# ABOUT THIS TASK
From the line that contains "Illustrated newspaper cutting" to the end of the entries, copy each line exactly, though the pictures stay out.
*** Opening of AVAILABLE DATA ***
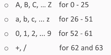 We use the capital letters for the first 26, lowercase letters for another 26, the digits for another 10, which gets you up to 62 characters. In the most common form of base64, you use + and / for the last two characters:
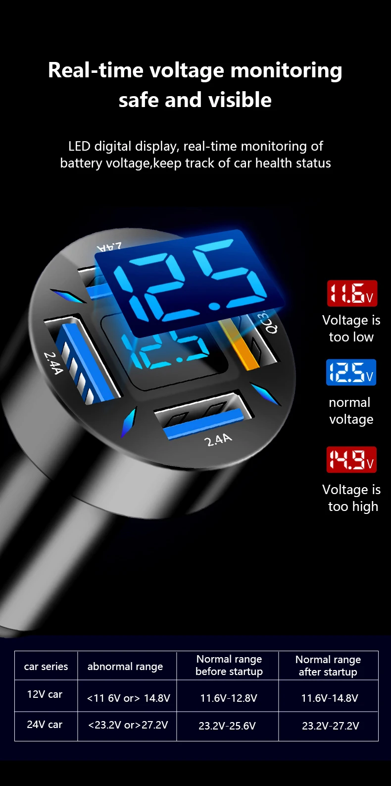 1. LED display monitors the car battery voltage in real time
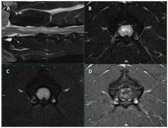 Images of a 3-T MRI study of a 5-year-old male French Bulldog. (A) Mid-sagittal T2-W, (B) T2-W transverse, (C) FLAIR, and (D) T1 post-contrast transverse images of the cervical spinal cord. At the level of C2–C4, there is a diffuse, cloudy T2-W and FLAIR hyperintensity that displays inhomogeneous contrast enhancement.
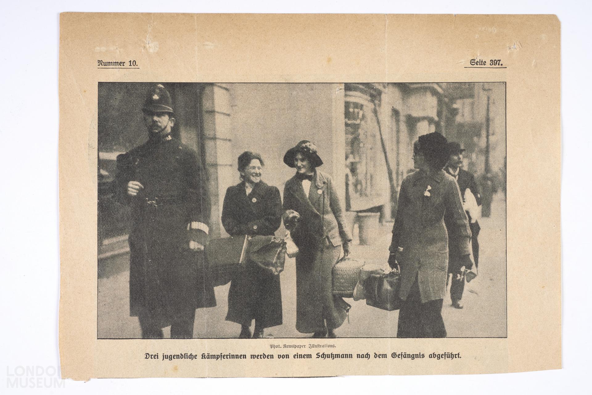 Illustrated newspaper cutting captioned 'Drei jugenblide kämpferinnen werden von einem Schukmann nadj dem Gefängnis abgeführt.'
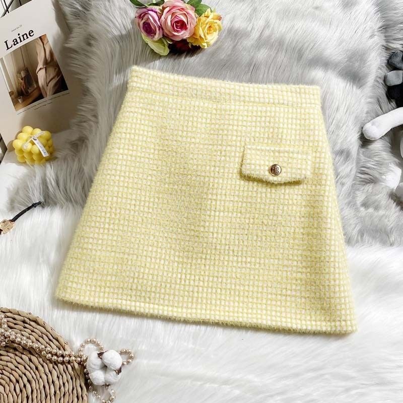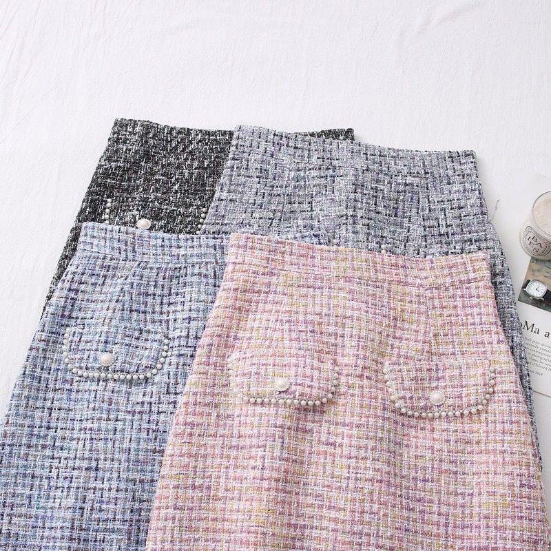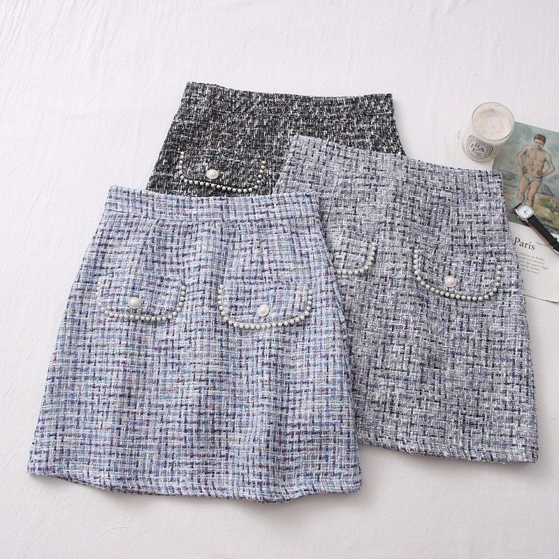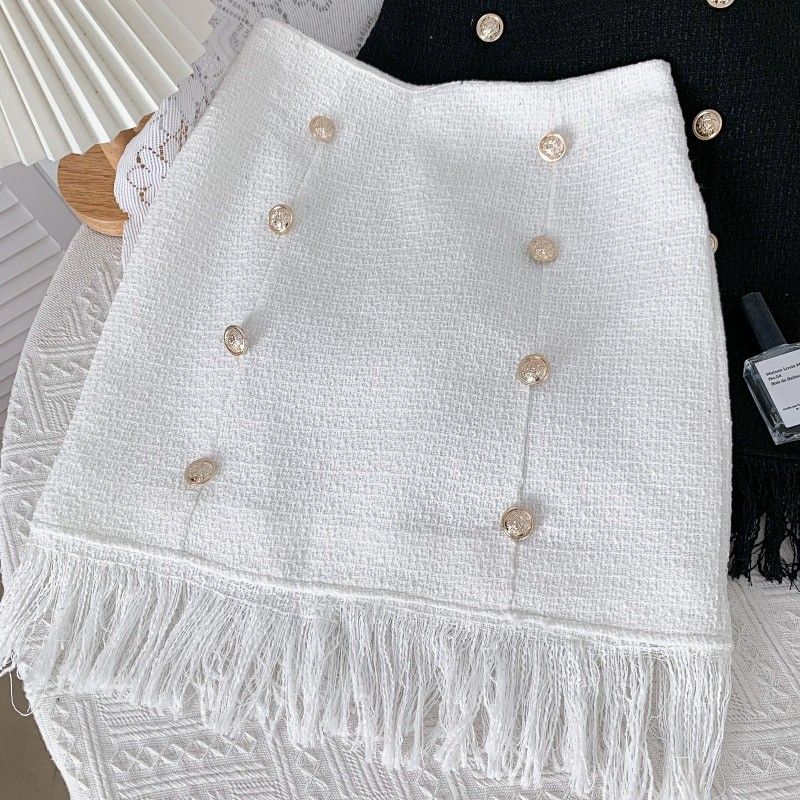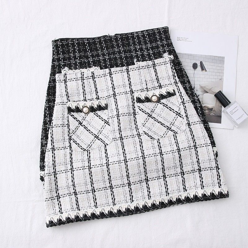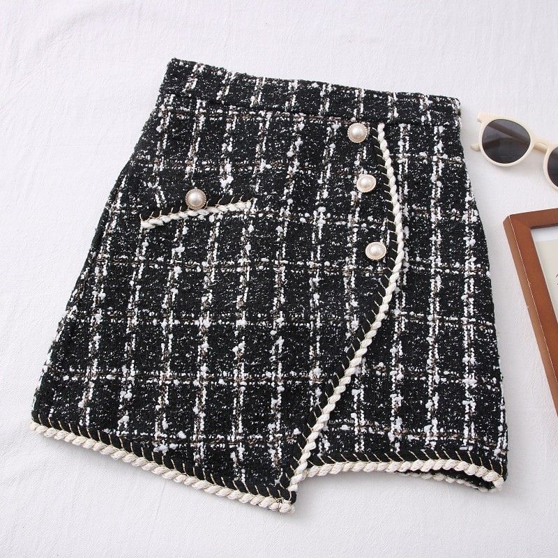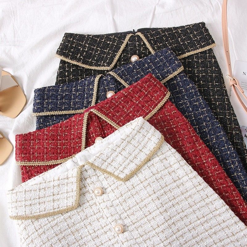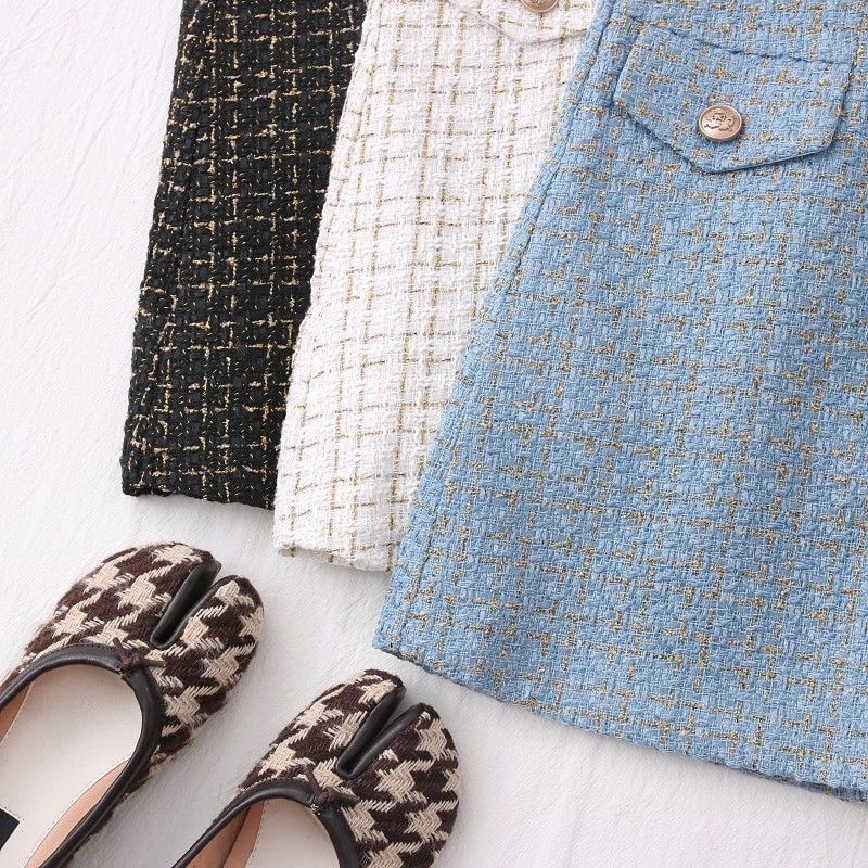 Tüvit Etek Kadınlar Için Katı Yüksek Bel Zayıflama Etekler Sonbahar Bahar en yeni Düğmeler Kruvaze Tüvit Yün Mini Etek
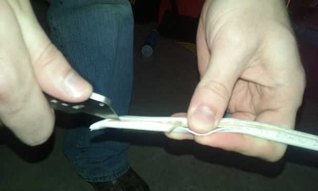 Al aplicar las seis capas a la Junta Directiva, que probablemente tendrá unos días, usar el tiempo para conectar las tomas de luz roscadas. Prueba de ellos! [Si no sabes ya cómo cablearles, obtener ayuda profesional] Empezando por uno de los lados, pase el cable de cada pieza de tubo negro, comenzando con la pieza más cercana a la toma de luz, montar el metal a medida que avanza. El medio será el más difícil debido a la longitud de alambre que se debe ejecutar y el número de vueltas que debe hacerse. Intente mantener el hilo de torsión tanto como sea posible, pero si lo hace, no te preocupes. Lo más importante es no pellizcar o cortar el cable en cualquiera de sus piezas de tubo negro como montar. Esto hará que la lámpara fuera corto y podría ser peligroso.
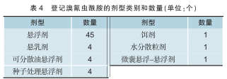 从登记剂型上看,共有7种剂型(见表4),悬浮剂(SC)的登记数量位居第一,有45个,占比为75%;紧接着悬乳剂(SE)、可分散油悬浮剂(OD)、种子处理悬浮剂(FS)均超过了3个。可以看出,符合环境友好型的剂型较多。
*** Close of AVAILABLE DATA ***
# RESPONSE BELOW
 Illustrated newspaper cutting captioned 'Drei jugenblide kämpferinnen werden von einem Schukmann nadj dem Gefängnis abgeführt.'
 Tüvit Etek Kadınlar Için Katı Yüksek Bel Zayıflama Etekler Sonbahar Bahar en yeni Düğmeler Kruvaze Tüvit Yün Mini Etek
 Al aplicar las seis capas a la Junta Directiva, que probablemente tendrá unos días, usar el tiempo para conectar las tomas de luz roscadas. Prueba de ellos! [Si no sabes ya cómo cablearles, obtener ayuda profesional] Empezando por uno de los lados, pase el cable de cada pieza de tubo negro, comenzando con la pieza más cercana a la toma de luz, montar el metal a medida que avanza. El medio será el más difícil debido a la longitud de alambre que se debe ejecutar y el número de vueltas que debe hacerse. Intente mantener el hilo de torsión tanto como sea posible, pero si lo hace, no te preocupes. Lo más importante es no pellizcar o cortar el cable en cualquiera de sus piezas de tubo negro como montar. Esto hará que la lámpara fuera corto y podría ser peligroso.
 从登记剂型上看,共有7种剂型(见表4),悬浮剂(SC)的登记数量位居第一,有45个,占比为75%;紧接着悬乳剂(SE)、可分散油悬浮剂(OD)、种子处理悬浮剂(FS)均超过了3个。可以看出,符合环境友好型的剂型较多。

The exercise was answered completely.